これは、私が代表を務める「マナースクールライビウム」、そして「親子・お受験作法教室」でのカウンセリング時に、生徒さんからため息交じりに聞かれる言葉です。

これらに共通する単語は、「育ち」。みなさんが、「育ち」ということをどれだけ意識し、憧れているのかが感じられます。

「育ち」とは生まれ育った環境であり、自分では変えられないもの、一部の選ばれた人々だけがもつものだと思い込み、この何とも魅力的な「育ち」という佇まいを「自分とは無縁」と、手に入れることを諦めてしまっているのです。

でも、もし手に入れられるとしたら?このように、多くの方が「育ちの良さ」は一部の特別な人だけのものと、思っていますが、私は、「育ち」をもっとシンプルに考えています。

「育ち」とは、その方の佇まいのこと。所作やふるまいを、知っているかいないかだけのこと。さらに言えば、「知ろうとしているか、いないか」だけの差にすぎないのです。

「育ちがいい人」の共通点

私は仕事柄、皇室や政界、財界、有名芸能人、一部上場企業のトップ陣など、数多くのエグゼクティブや一流の方々と接するなかで、感じてきたことがあります。

それは、「育ちの良さ」を感じさせる方には共通点があるということ。その共通点とは…マナー以前のちょっとした所作や言葉遣い。そこに表れるその方の佇まいやオーラです。

なぜ、マナー講師である私が、今あえて「マナー以前の育ち」についてお伝えするのか?なぜ、「育ちがいい人だけが知っていること」を、みなさまにお届けしたいのか?その理由がここにあります。

実は、お受験、就活、転職、婚活、結婚など、人生の重要な局面で、この「育ちの良さ」を問われることが圧倒的に多いのです。

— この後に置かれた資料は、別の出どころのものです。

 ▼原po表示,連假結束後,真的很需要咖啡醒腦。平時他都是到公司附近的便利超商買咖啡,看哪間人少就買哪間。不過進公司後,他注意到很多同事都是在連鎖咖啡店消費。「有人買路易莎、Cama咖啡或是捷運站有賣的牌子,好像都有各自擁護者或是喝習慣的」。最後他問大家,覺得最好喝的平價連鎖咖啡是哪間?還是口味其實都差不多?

お受験では、お勉強や付け焼き刃の浅いお行儀ではなく、にじみ出る「育ちの良さ」が求められます。

婚活でも、容姿や年齢、職業以上に「育ち」が重視されます。

たとえば、婚活がうまくいかない理由の多くに、食事中のふるまいがあげられます。

  • 「買ってきたお惣菜をお皿に移さず、パックからそのまま食べる」
  • 「お箸を三手で取り上げず、片手でつかんで取り上げてしまう」
  • 「割り箸の箸袋で、お箸置きを作る」

これらは、マナー違反まではいかなくとも、品格や好感度が下がる日常の些細な習慣。

決まりやマナーの多い冠婚葬祭や、畏まったレストランなど非日常のシーンではなく、むしろ疑問すら感じることのない、普段の所作が実のところとても大切なのです。

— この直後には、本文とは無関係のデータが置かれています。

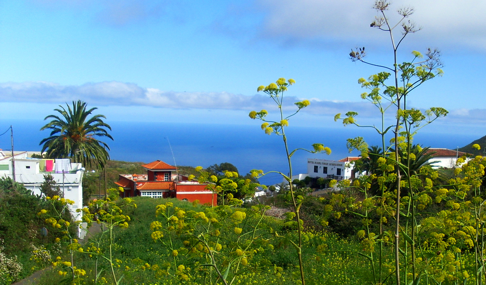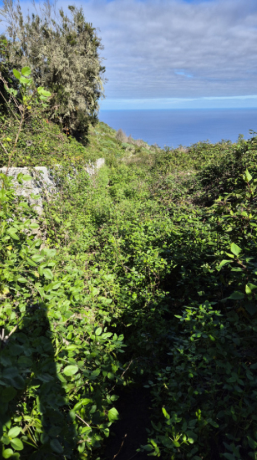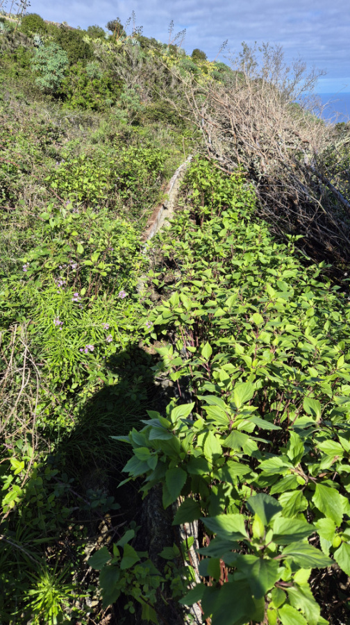 Zunächst geht man auf einem Asphaltsträßchen recht steil bergauf, aber nur knapp 400m. Bei einem Sackgassenschild knickt die Straße scharf rechts ab und verläuft nun eben. Nach 100m kommt eine Linkskurve, und nach weiteren 200m muss man aufpassen, denn hier verlässt man die Straße und den ausgeschilderten Wanderweg. Nach rechts zweigt ein Feldweg ab, der ins Tal hinunter geht. Nach einem kurzen Stück sieht man einen alten Brunnen und vielleicht schöne kanarische Glockenblumen im Gebüsch.

そこに生まれない限り知ることができなかった、「良家のしつけ」とは?

せっかく正しいマナーを身につけて、会食やパーティでは完璧にふるまえても、マナー以前のところで気づかないうちに減点され、失敗してしまったり、チャンスを逃してしまう……これは本当にもったいないことです。

「何が、悪かったのでしょうか?」「どうすれば、よかったのでしょうか?」と、よく生徒さんから相談を受けますが、その答えこそが「育ち」なのです。

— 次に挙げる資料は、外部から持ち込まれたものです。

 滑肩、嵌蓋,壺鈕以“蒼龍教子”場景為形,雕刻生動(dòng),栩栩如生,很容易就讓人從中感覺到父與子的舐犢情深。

「育ちの良さ」は、良い家に生まれ、そこでしつけられない限り、知ることも、身につけることもできないと多くの方が思い込んでいます。

しかし、知ることさえできれば、どなたにでも身につけていただけます。

今回、本書に「育ちがいい」と言われる所作や、話し方、ふるまいのコツをまとめました。

「こんなとき、育ちがいい人はどうしているの?」という疑問への答えをエピソードと共にご紹介させていただきます。

にじみ出る品と特別感で、「選ばれる人」に

昨今、私のスクールでは、第一印象アップ、エレガントなふるまい、好感の持たれる話し方、テーブルマナー、気遣い、ヘアメイクなど、「婚活」に特化したスキルをトータルで身につけることができる『婚活プログラム』もたいへん人気です。こちらでは、「育ち」や「品」を大切にレッスンを行います。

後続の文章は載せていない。